Dinsdagochtend om acht uur kwam dus iedereen met koffertjes vol winterkleren en snowboots de aula binnendruppelen. De gebruikelijke PCR-tests werden weer gedaan en alles werd in de bus geladen. Heel veel liedjes en spelletjes later stopten we, ergens in een haarspeldbocht, waar in velden en wegen geen almhut te bekennen was. „Ik rij niet verder”, zei de buschauffeur. Blijkbaar had hij niet het volste vertrouwen in zijn voertuig, dat met zijn kostbare vrachtje op de ijzige, besneeuwde weg nog een paar bochten zou moeten maken. Dus laadden we onze koffertjes weer uit en rolden ze door de sneeuw naar het nostalgische, houten huisje.

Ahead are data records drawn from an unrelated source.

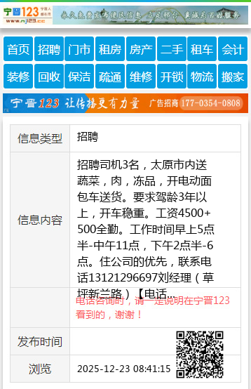 招聘司机3名,太原市内送蔬菜,肉,冻品,开电动面包车送货。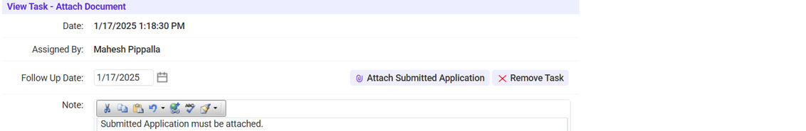 - Click on the Attach Submitted Application link.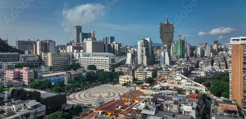 © Dave, Fototapeta premium Aerial Panorama of Macao Cityscape From Tall Building

De open haard was al aangemaakt door een Salzburger met een gek Tiroler accent. Iedereen rende door het huis om een goed bed te claimen en te ontdekken waar de sauna en de tafeltennistafel waren. Drie heerlijke dagen begonnen. Dagen waarin nauwelijks over corona werd gepraat en ik ontdekte wat voor rare muzieksmaak Oostenrijkers hebben. Een actief programma hadden we niet, dus liep het erop uit, dat we tot vijf uur wakker bleven, spelletjes deden, tafeltennisten, zongen en overdag meer horizontaal dan verticaal waren.

Woensdagavond hadden we een jodelworkshop met fakkelwandeling gepland. Helaas bleek de jodelman ziek en de fakkels onrealistisch, omdat we op sneeuwschoenen liepen en naast de stokken niet ook nog eens fakkels konden vasthouden. Het was toch erg leuk. We wandelden naar een monument, want blijkbaar hadden zelfs de Beatles dat plekje ontdekt voor een video-opname, dronken thee en genoten van de zonsondergang.

Vrijdag in de bus was de stemming iets minder levendig. Iedereen slapend, maar uiterst tevreden.